__MATERIAL PROVIDED__
..........

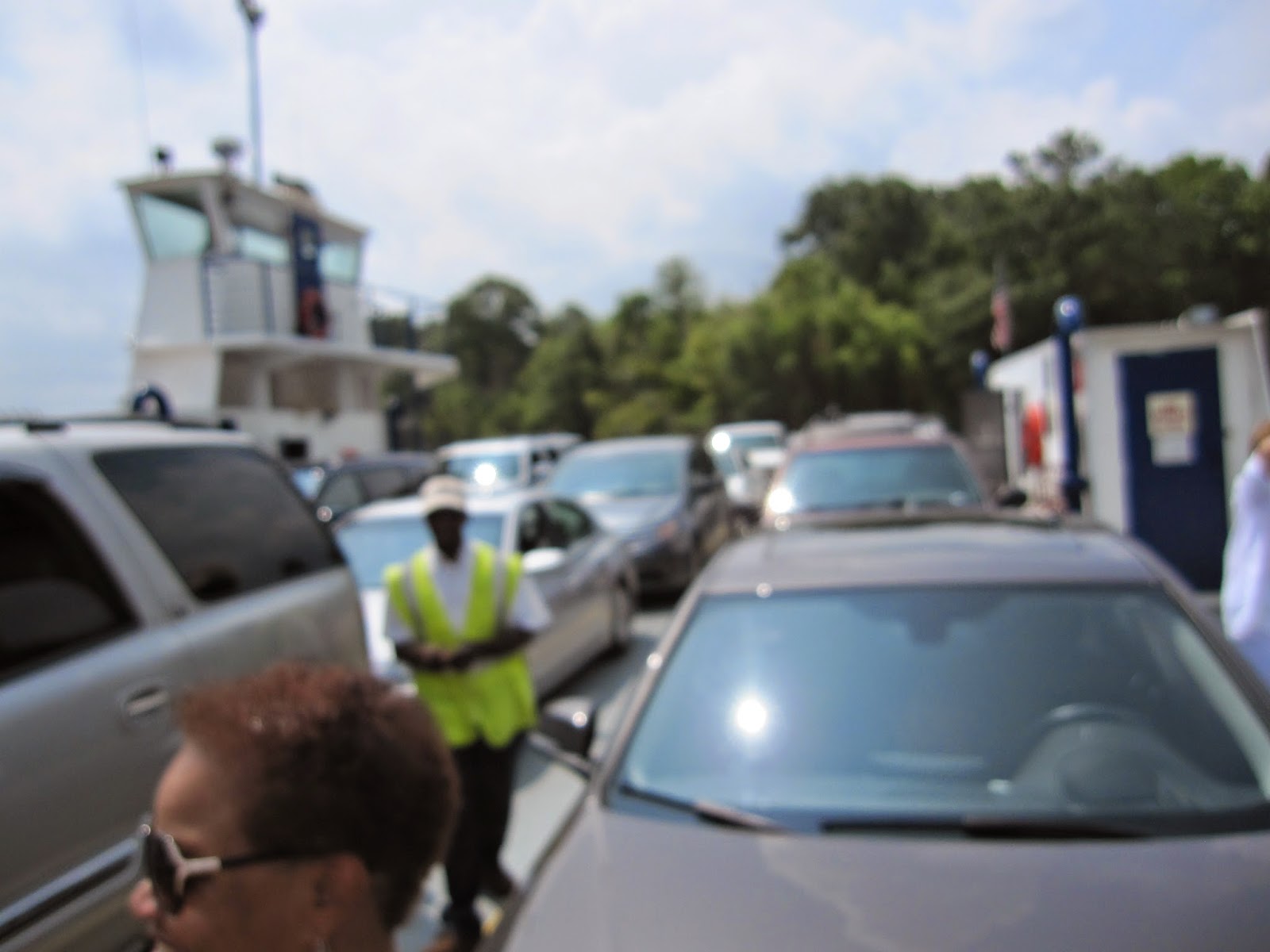 Eric, Paul, meI have never seen the ferry so FULL, although the quilters told me a long time ago that she'd once seen 17 cars on the ferry. Our load was 15 (I think!).
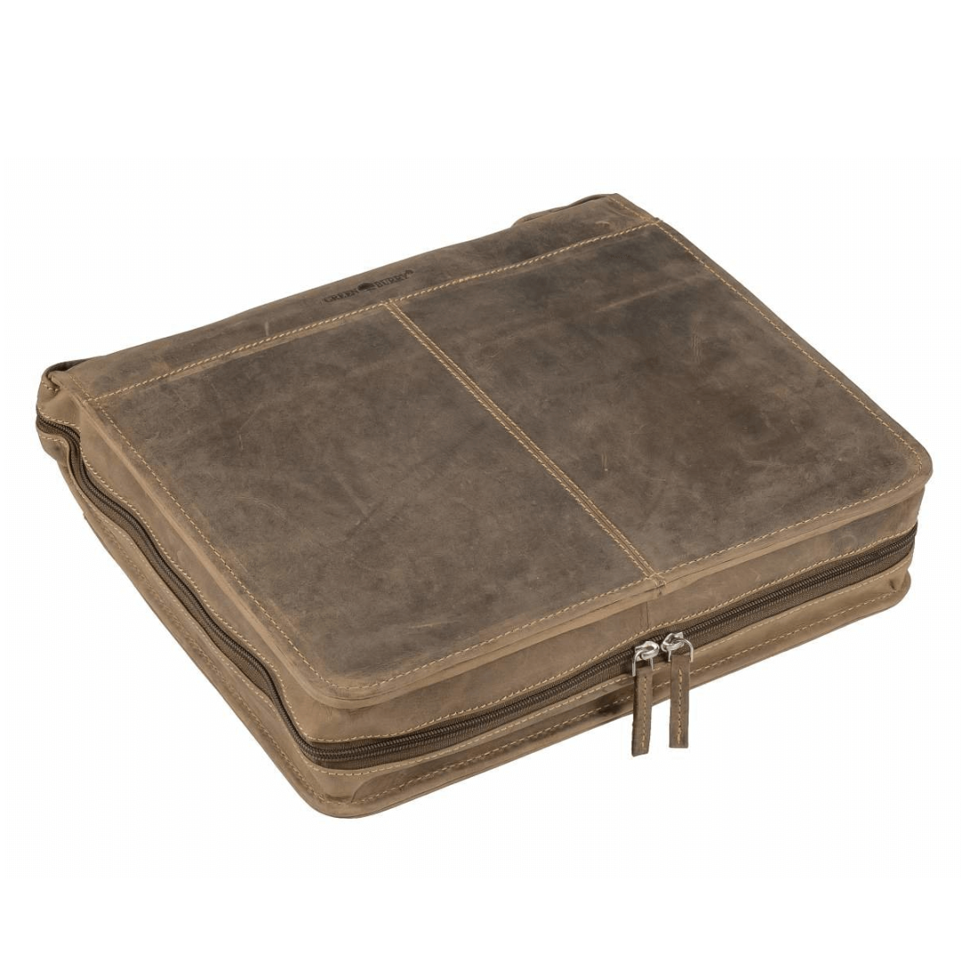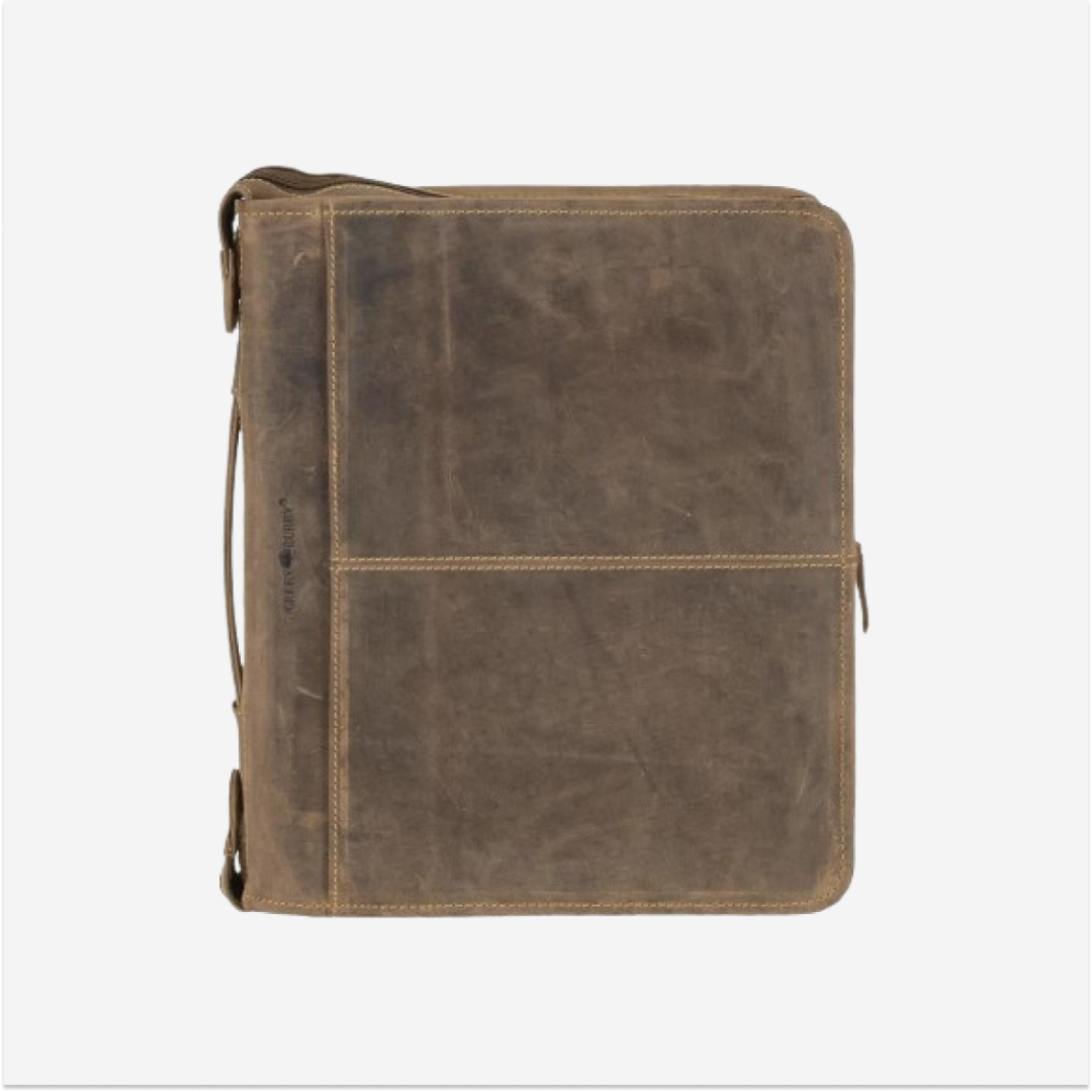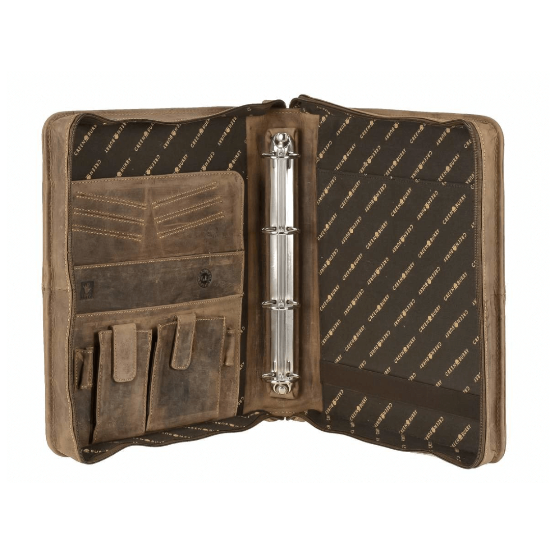 The writing folder is made from high-quality leather, suitable for A4 format, with a ring mechanism and a vintage design in antique brown.
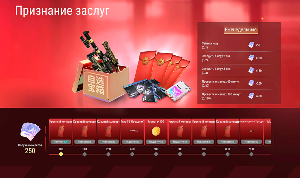 Обращаем ваше внимание, что на странице события отображается количество билетов, полученных за все время. В текущем событии они не будут засчитываться на горизонтальной шкале с наградами. Второй "Красный конверт" на ней будет выдаться при получении 200 билетов.

..........

Copy the listing in full and without alteration, omitting every picture.

 Eric, Paul, meI have never seen the ferry so FULL, although the quilters told me a long time ago that she'd once seen 17 cars on the ferry. Our load was 15 (I think!).
 The writing folder is made from high-quality leather, suitable for A4 format, with a ring mechanism and a vintage design in antique brown.
 Обращаем ваше внимание, что на странице события отображается количество билетов, полученных за все время. В текущем событии они не будут засчитываться на горизонтальной шкале с наградами. Второй "Красный конверт" на ней будет выдаться при получении 200 билетов.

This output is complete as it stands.